Саске подходит ближе; между их плечами — пятисантиметровый зазор, куда забивается дневной свет, неисчерпанность ссоры и холодная отстраненность.
Спроси его, в какой цвет его будни выкрашены, — ответит, что в хинатовский, наверное. Такой ведь существует? Тот хинатовский, который между индиговым синим и застойным фиолетовым; тот, что угнетает психику и утомляет своими производными. Прополоскать бы нутро, да вот не отмывается уже, а лишь въедается разводами на уровне молекулярном.
Саске дышит в интервалах между ударами ножа о доску. Он подталкивает апельсин, придавая импульс: тот перекатывается солнечным диском по столешнице с востока на запад. Хината послушно принимает его у бортика доски, проходя ножом от верхушки до основания.
Она точно не здесь.
Учиха продолжает следить: она вспорола помембранно, высекла дольками и утонула где-то мысленно. Вот только к какому берегу ее прибило и где искать следует?
Саске прикатывает ей плод за плодом, ожидая пробуждения: яблоки в соломку, томаты в полумесяцы, зелень в мелкую труху. На последней из луковиц он останавливается, пересиливая желание встряхнуть Хинату за плечи: все съедобное превратилось в трафаретную нарезку — дальше только пакеты с молоком и чай в жестяных банках.
Учиха тянется к вазе с конфетами и подсекает ярко-желтую: та трепещет золотой рыбкой в его ладони, бликуя оберткой. Он гоняет фольгированный шарик ладонью — вперед-назад, с бока на бок — и выжидает момент, когда нож замрет в верхней точке. После — бросает ей под лезвие, выжидая.

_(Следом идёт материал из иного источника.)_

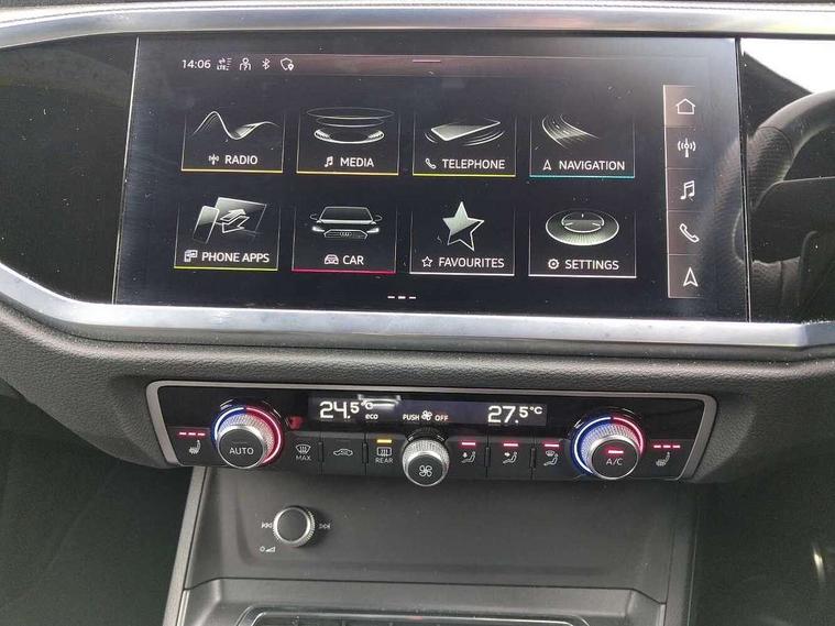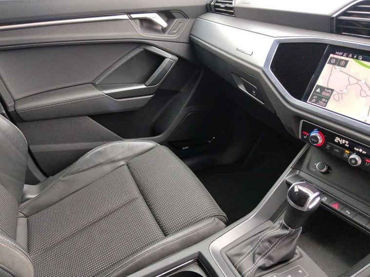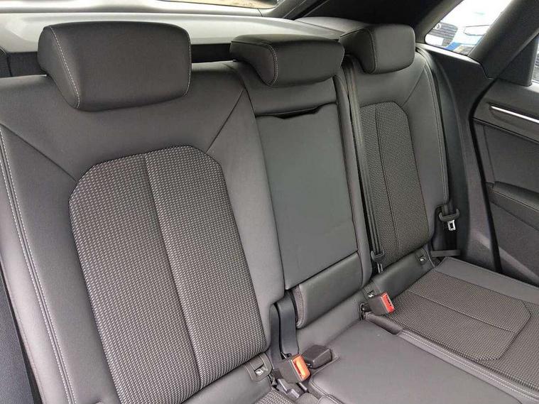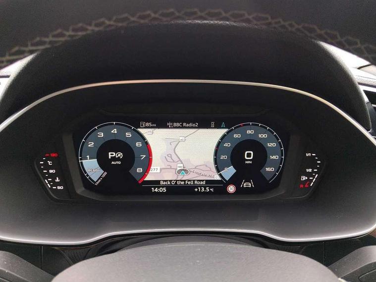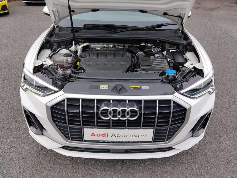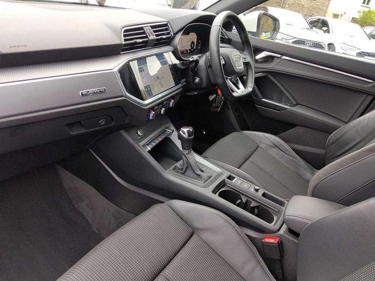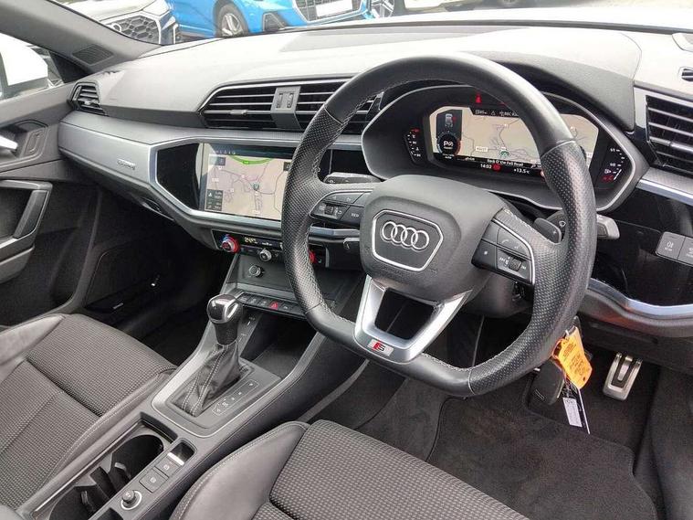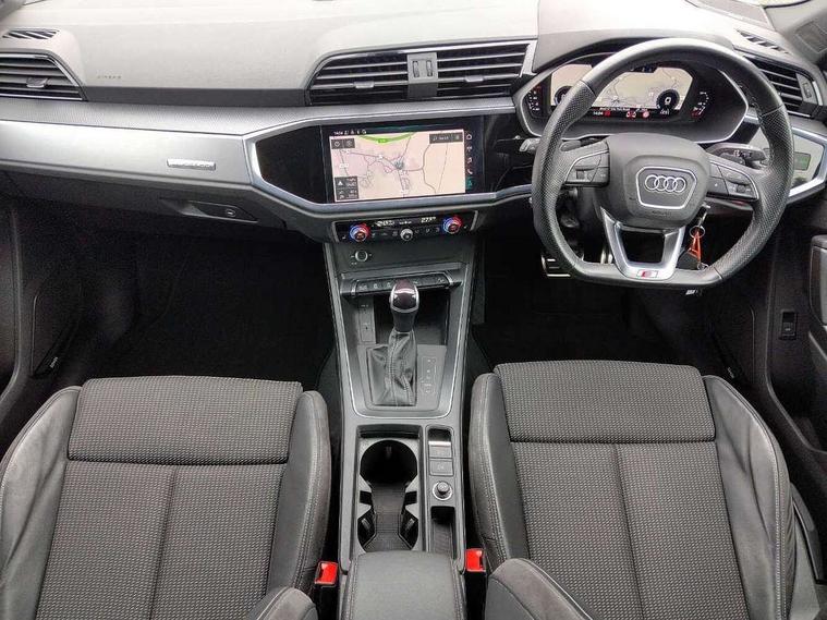 Amazon alexa Integration, Audi connect safety and service (e-call), Audi drive select, Audi lane departure warning, Audi Virtual Cockpit - 10.25" display, Bluetooth interface, Camera based traffic sign recognition, MMI Navigation Plus with high resolution 10.1 inch touchscreen colour display, Power operated tailgate, Progressive steering, Service interval indicator, Smartphone interface includes wireless Apple carplay/Android Auto, Start stop system with recuperation, Voice control system with natural language interaction, Sports suspension, 2 USB-C ports with charge and data functions, 6 passive loudspeakers, DAB digital radio module, Acoustic windscreen, Aluminium roof rails, Aluminium window trim, Auto dimming frameless rear view mirror, Body coloured bumpers, Electrically folding, adjustable and heated door mirrors with integrated LED side indicators and kerb view function for passenger side, Front and rear electric windows, Front fog lights, Front side air inlets in matt platinum grey, Front spoiler blade in matt platinum grey, Grille vertical bars in aluminium silver/Matt, High gloss black finish B and C pillars, LED headlights with LED daytime running lights, LED rear lights, LED third brake light, Privacy glass dark tinted rear and rear-side windows (from B-pillar backwards), Rain and light sensors, Rear diffuser strip in matt titanium black, Rear side wing doors, Rear wiper, S line badges on front wings, S Line front and rear bumpers, Side skirt insert in matt Platinium grey, Silver chrome grille surround, Tinted rear windows, Titanium black radiator grille, Variable front intermittent wipers, 12V socket in rear centre console, 3 seat bench in 2nd row, 40:20:40 folding with manual adjustment for 60:40 forwards/backwards position and backrest angle, Adjustable rear seat bench/backrest with centre armrest and cupholder, Black cloth headlining, Dual zone electronic climate control, Front and rear black floor mats with contrast stitching in rock grey, Front and rear headrests, Front and rear roof module including reading lights, Front centre armrest, Glove compartment lighting, Height and reach adjustable steering wheel, Illuminated door sill trims with S logo, ISOFIX child seat mounting for front passenger with airbag deactivation and outer rear seat including top tether attachment point for outer rear seats, Luggage compartment light, Manual front seats with height adjustment, Perforated leather gearknob, Single front passenger seat, Stainless steel luggage compartment sill finisher, Stainless steel pedals, Non smoking pack - Q3, 3x3 point rear seatbelts, 6 airbags - Driver, front passenger, curtain and side windows, Audi pre-sense front with pedestrain and cyclist recognition, Electrically operated child locks on rear doors, Electromechanical parking brake, Electronic stabilisation control including ABS, ASR and EDL, Front seatbelt reminder, Hill descent control, Hill hold assist, Pre sense basic, Seatbelt monitoring, Tyre pressure warning, Warning triangle and first aid kit, Anti theft alarm, Anti theft wheel bolts, Immobiliser, Remote central locking, Dark matt brushed aluminium inlay, Detail dashboard around MMI touch colour display in glass look, black with surround in aluminium look, Leatherette door armrest,
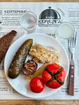 Несмотря на то, что Кочерга заведение не молодое, в нашем городе, приятно порадовало пожалуй всё. От персонала до отличной, вкуснейшей еды. Кушали 4 двое детей 9 и 12 лет и мы с супругой. Меню обширное, каждый выбрал разное. И все, не до конца осилили свои порции. Пища просто вкуснейшая, мясно нежное, колбаски тают во рту, с сырными ингридиентами повора творят просто волшебство. Супруга большой ценитель окрошки и осталась весьма довольна. По ценам, как по мне норм. 3500 за такой кайф всей семьей. Мы люди простые, рабочие, так что попросили завернуть с собой, то что не доели. Кто же такое добро выбросит.
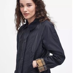 Barbour beadnell waxed jacket in navy, size US 6/ UK 10
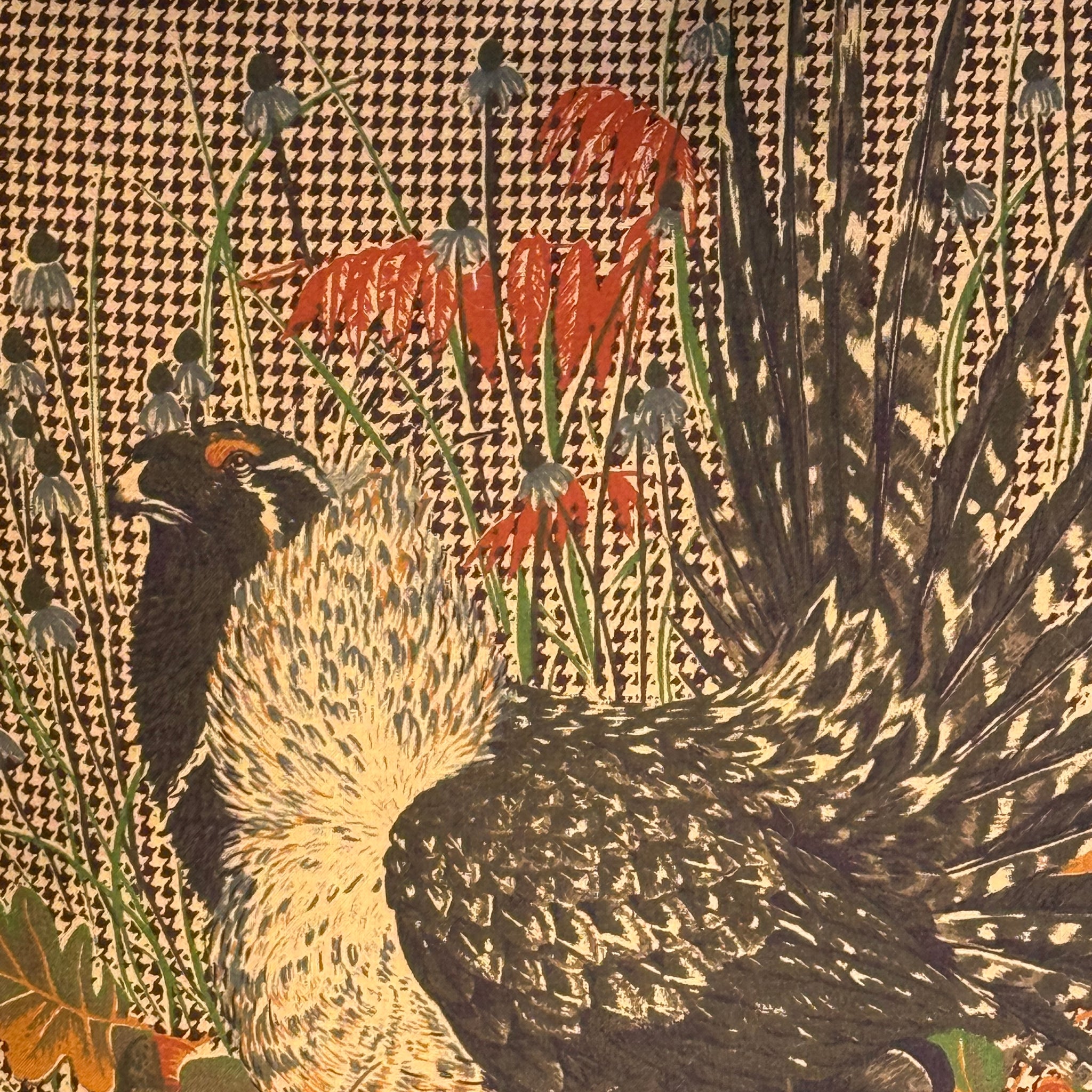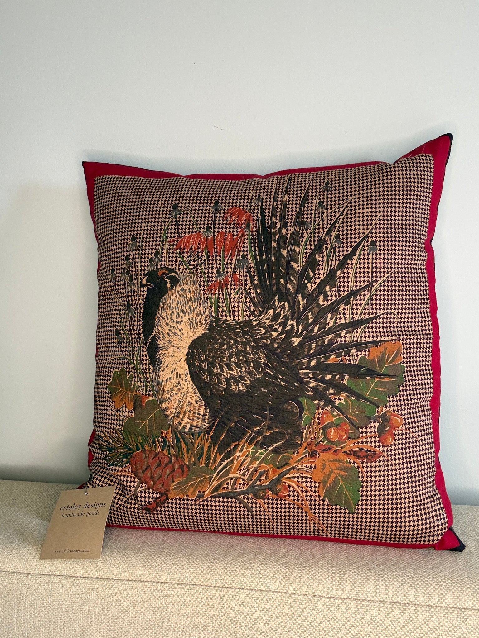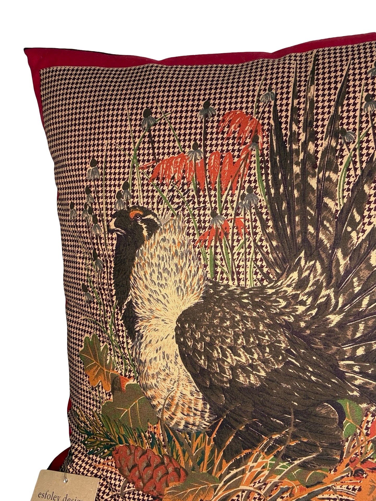 Vintage Grouse Wild Bird Pillow - 100% cotton - made into a 18 x 18 pillow with 100% Feather insert. Back side is a coordinating brown fabric.
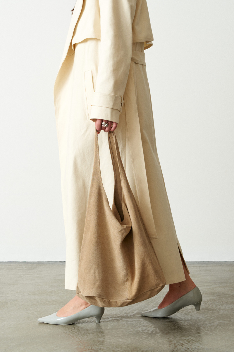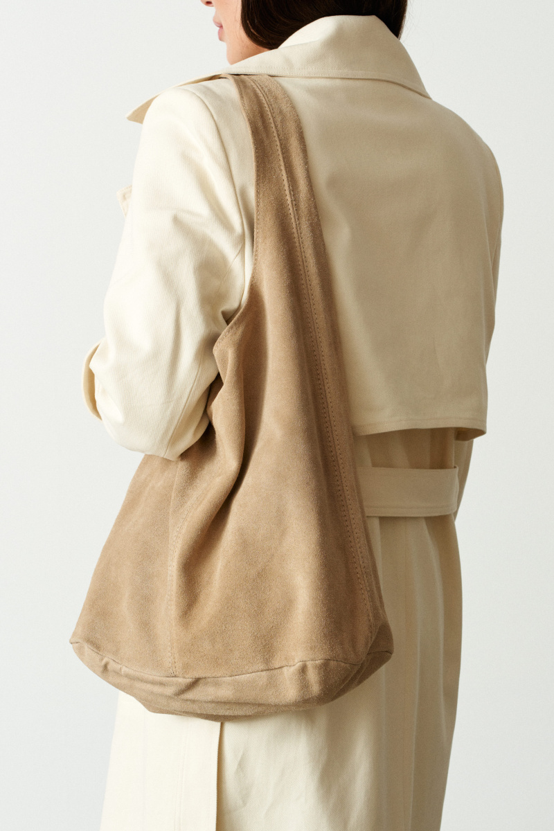 Вместительный шопер, выполнен из натуральной мягкой замши, без подладки, c мягким дном.
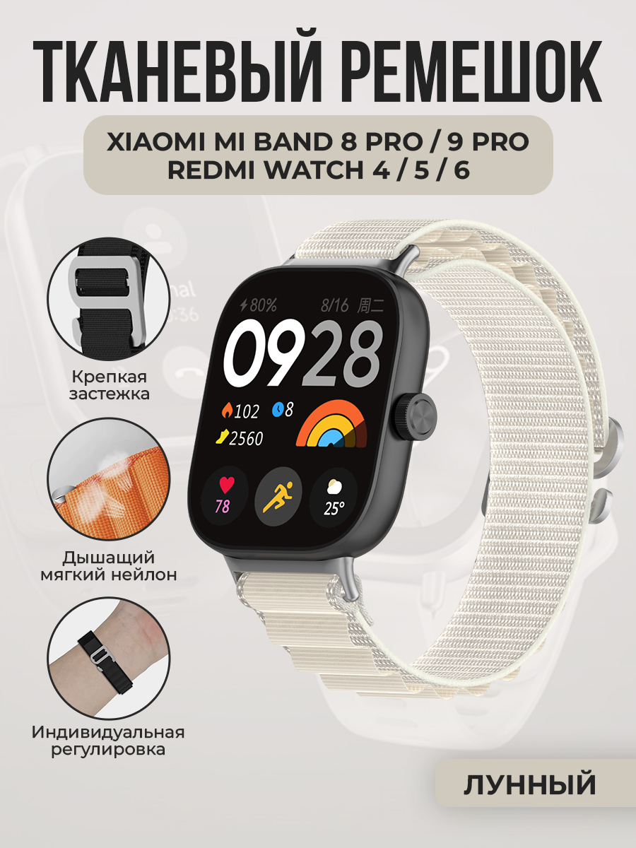 Тканевый ремешок для Xiaomi Mi Band 8 Pro/9 Pro и Redmi Watch 4/5/6, лунный

Саске ненавидит сладкое, а она?
Хината спотыкается, смаргивая оцепенение. Осматривает наживку вопрошающе, словно впервые, и глотает ладонями.
— Не спи, Хината.
"... а то загрызут", — довершает она мысленно.
Саске кажется, что сегодня она не такая втройне. Это "кажется" в теории перетекает в полукасание на практике: Учиха дотрагивается до ее предплечья, скользнув вниз по выутюженному рукаву. Хината отшатывается, прошпиленная его чакрой и ощетинившаяся своей.
Саске отходит на шаг, озадаченный: если и отторгала раньше, то не настолько открыто. Такое бывает, что равнодушие перезревает в отвращение?
— Прости, — Хината откладывает нож лезвием к раковине и отворачивается спиной. — Задумалась о своем.
Капли бьются о дно мойки и дырявят мозг: в этом доме все способно вывести на агрессию, и Хината к раздражителям тоже примкнула.
— Я ведь говорил, если есть претензии, предъявляй сейчас, — Учиха прячет руку в карман вроде как отвлеченно, но вместе с тем оскорбленно.
— Нет, Саске, ты здесь ни при чем.
Учиха всегда нипричемный к ее жизни: казалось бы, наслаждайся безнаказанностью, но облегчение почему-то не приходит.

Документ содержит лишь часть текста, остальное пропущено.